Bumerang

28 Haziran 2011 Salı

İstanbul- Ayasofya




Ayasofya Müzesi

     Yine bir İstanbul gezisinden notlarla karşınızdayım. İstanbul geze geze bitecek gibi bir şehir değil elbette.Ne yapayım ben de gezebildiğim kadar yer gezip,fotoğraflayıp  bu güzellikleri başkalarıyla da paylaşmaya çalışıyorum.
     Tarihi yarımadaya gidince bütün eserler hep birden bana gel, bana gel diye sanki söz birliği etmişçesine sesleniyorlar. Ben de bu eserleri sıraya koyup gezmeye başlıyorum. İlk durağımız Ayasofya.İhtişamlı görüntüsüyle karşımızda duruyor.Tam karşısında da muhteşem Mavi Cami Sultanahmet.
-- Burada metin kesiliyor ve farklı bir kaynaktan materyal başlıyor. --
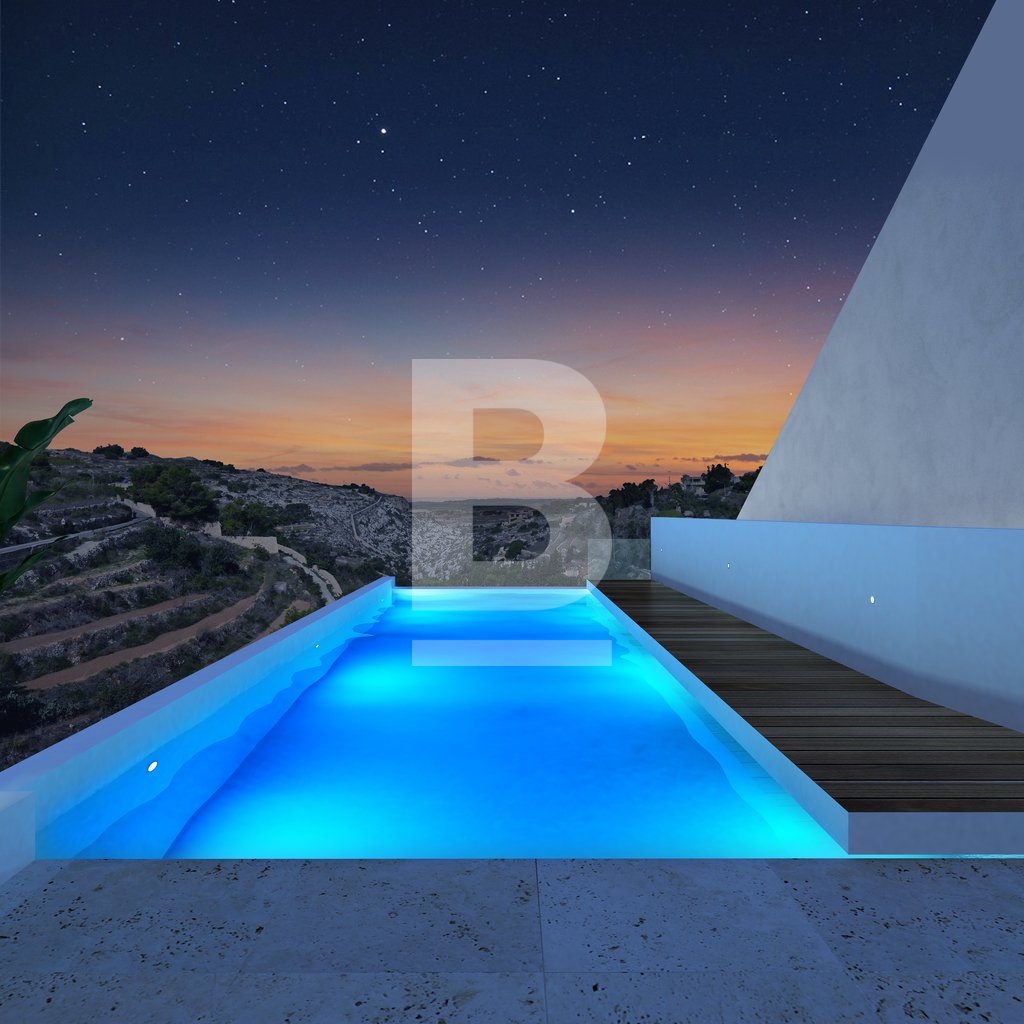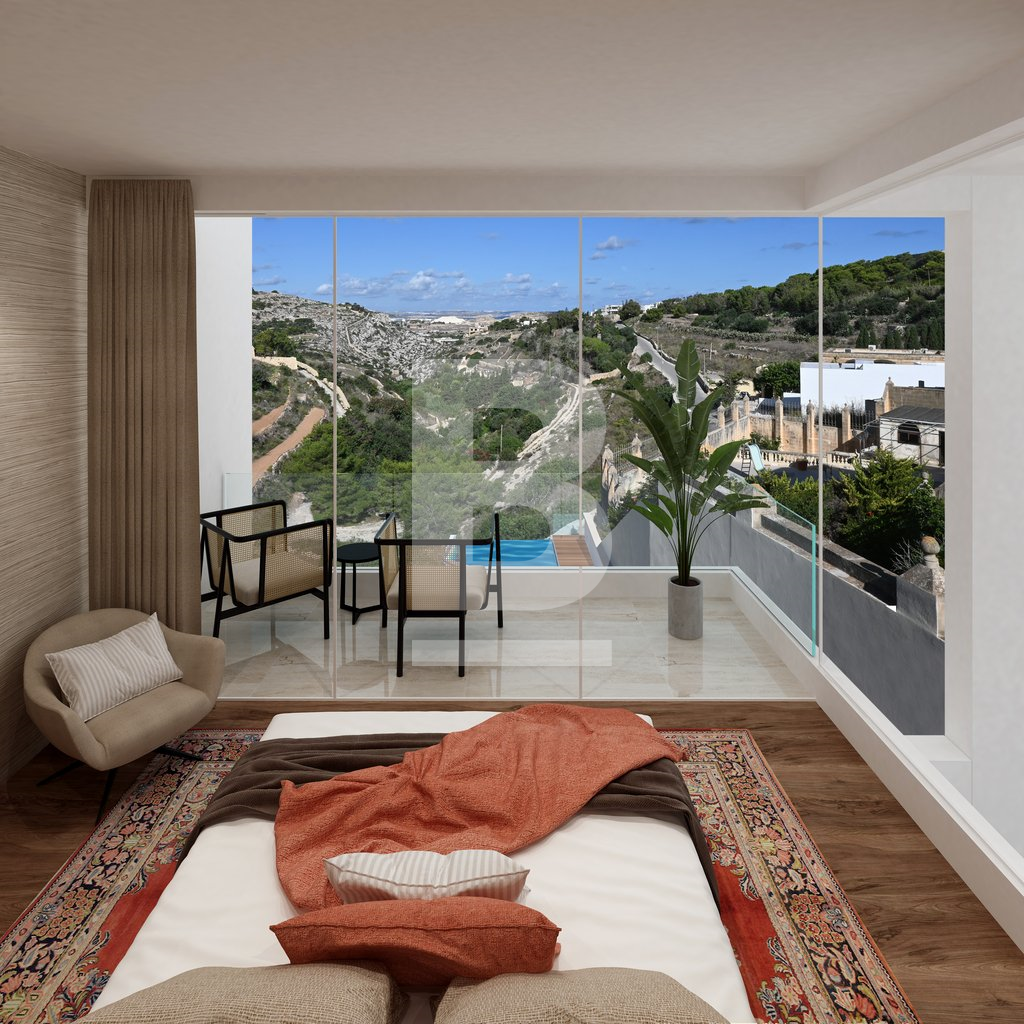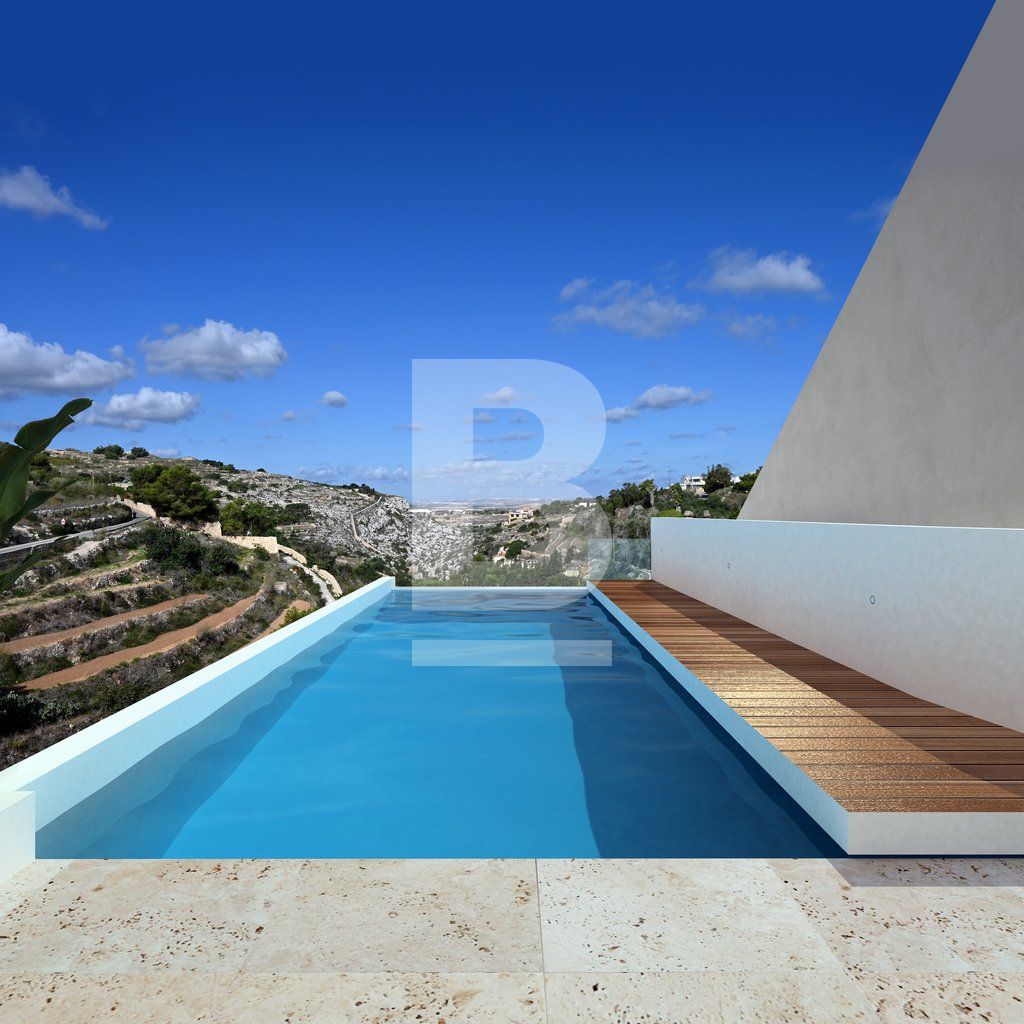 An exceptionally well positioned 5-bedroomed, newly built villa, located at the exclusive neighbourhood of Madliena, set on high grounds overlooking Madliena Valley, with unobstructed and guaranteed country and sea views as far as Gozo, just a short distance from St. Julian’s and Portomaso Marina. Built on a 550 sqm plot and accessible from 2 streets, the property consists of a larger than usual 120 square metre living area, with a double height lounge area. On the first floor one finds 2 double bedrooms, the master bedroom enjoys the unobstructed Views, has it's en-suite bathroom and private walk in wardrobe. The second bedroom leads onto a good sized terrace, also view with views and comes with it's en-suite bathroom. A spacious hallway also with views, can be used as a study area. A the lower level, one finds an additonal 2 bedrooms, one bathroom with side terraces. A separate lounge area at the pool level pool leads onto the 100 sqm pool deck and a large 10 metre infinity pool, with unobstructed country and sea views up to the Gozo. An independent 50 sqm private home office / 5th bedroom / GYM, complements this property, with extensive soft landscaping as well as discreet service areas have also been incorporated in the property’s open plan design. A comfortable 3 car garage with an additional car carport makes this property truly unique for the discerning client. The property is being sold in advanced shell form, with all external rendering and water-proofing complete, and internally in shell form to be completed to the buyer’s specific requirements. The developer is available to complete the property to the buyer’s specifications. Viewing is highly recommended for the property to be appreciated.

Neyse Sultanahmet şimdilik dursun ,ben Ayasofya'ya gireyim.
     
     Bu eser dünya mimarlık tarihinin günümüze kadar ayakta kalmış en önemli anıtları arasında yer almakta.Bu nedenle Ayasofya tarihi geçmişinin yanısıra mimarisi,mozaikleri ve Türk Çağı yapıları ile yüzyıllar boyunca tüm insanlığın ilgisini çekmiş.
     Ayasofya 916 yıl kilise, 481 yıl cami olmuş ve 1935'ten bu yana da müze olarak işlevini sürdürüyor.Bizans tarihçileri ilk Ayasofya'nın İmparator I. Konstantinos  zamanında yapıldığını ileri sürmüşler,fakat bu yapı bir ayaklanma sonucu yanmış ve günümüze hiç bir kalıntısı kalmamış.
     İmparator II. Theodosius Ayasofya'yı ikinci defa yaptırmış ve 415'te ibadete açmış fakat bu yapı da 532'de Nika ihtilali sırasında yanmış.
     İmparator Iustinians (527-565) ilk iki Ayasofya'dan daha büyük bir kilise yaptırmak istemiş, çağın ünlü mimarlarından Miletos'lu İsidoros ve Tralles'li Anthemios'a şimdiki Ayasofya'yı yaptırmış.Anadolu'nun antik şehir kalıntılarından sütunlar, başlıklar, mermerler ve renkli taşlar Ayasofya'da kullanılmak üzere İstanbul'a getirilmiş.

     Ayasofya'nın yapımına 23 Aralık 532'de başlanmış, 27 Aralık 537'de tamamlanmış.Mimari yönden bakıldığında  büyük bir orta mekan, iki yan mekan, iç ve dış narteksten  (kiliselerin hazırlık bölümü denilen küçük bölümler.Bu bölümde ayine gelen kimseler kıyafetlerini düzenlerler ve ayin için hazırlıklarını bir kez daha gözden geçirirlermiş)  meydana gelmiş.
     İç mekan 100 X 70 m. ölçüsünde olup üzeri 4 büyük ayağın taşıdığı 55 m. yüksekliğinde 30.31 m. çapında kubbe ile örtülmüş.
     Ayasofya'nın mimarisinin yanı sıra mozaikleri de o kadar muhteşem ki, ben defalarca  yanına gidip inceledim ve fotoğraflarını çektim ama  fotoğraflarda canlısı gibi görünmüyor tabi.En eski mozaikler iç narteks ve yan mekanlarda Altın yaldızlı geometrik ve bitkisel motifli olan mozaikler. Figürlü mozaikler ise IX.-XII. yüzyıllarda yapılmış.Bunlar imparator kapısı , çıkış kapısı üzerinde ve üst kattaki galeride bulunmakta.

     Ayasofya İstanbul'un fethi (1453) ile birlikte başlayan Türk döneminde çeşitli onarımlar görmüş.Mihrap çevresi Türk çini sanatı ve Türk yazı sanatının en güzel örnekleriyle süslenmiş.Bunlardan kubbedeki ünlü Türk Hattatı Kazasker Mustafa İzzet Efendi'nin Kuran'dan alınma bir suresi ile 7.5 m. çapındaki yuvarlak levhalar göz kamaştırıcı bir şekilde tepeden gelen ziyaretçilere bakıyor.Bu levhalarda Allah, Muhammed,Ömer,Osman,Ali,Hasan,Ebubekir,Hüseyin'in İsimleri yazılı.Mihrabın yan duvarlarında ise Osmanlı padişahlarının yazıp buraya hediye ettiği levhalar var.
     Ayasofya'yı benim bu şekilde anlatmam yetersiz kalıyor. Bu güzellikleri ve muhteşemliği görmek için  İstanbul'a yolu düşenler ya da İstanbul'da oturup ta halen görmeye gitmeyenlere  önerim mutlaka en kısa zamanda gidip görün derim.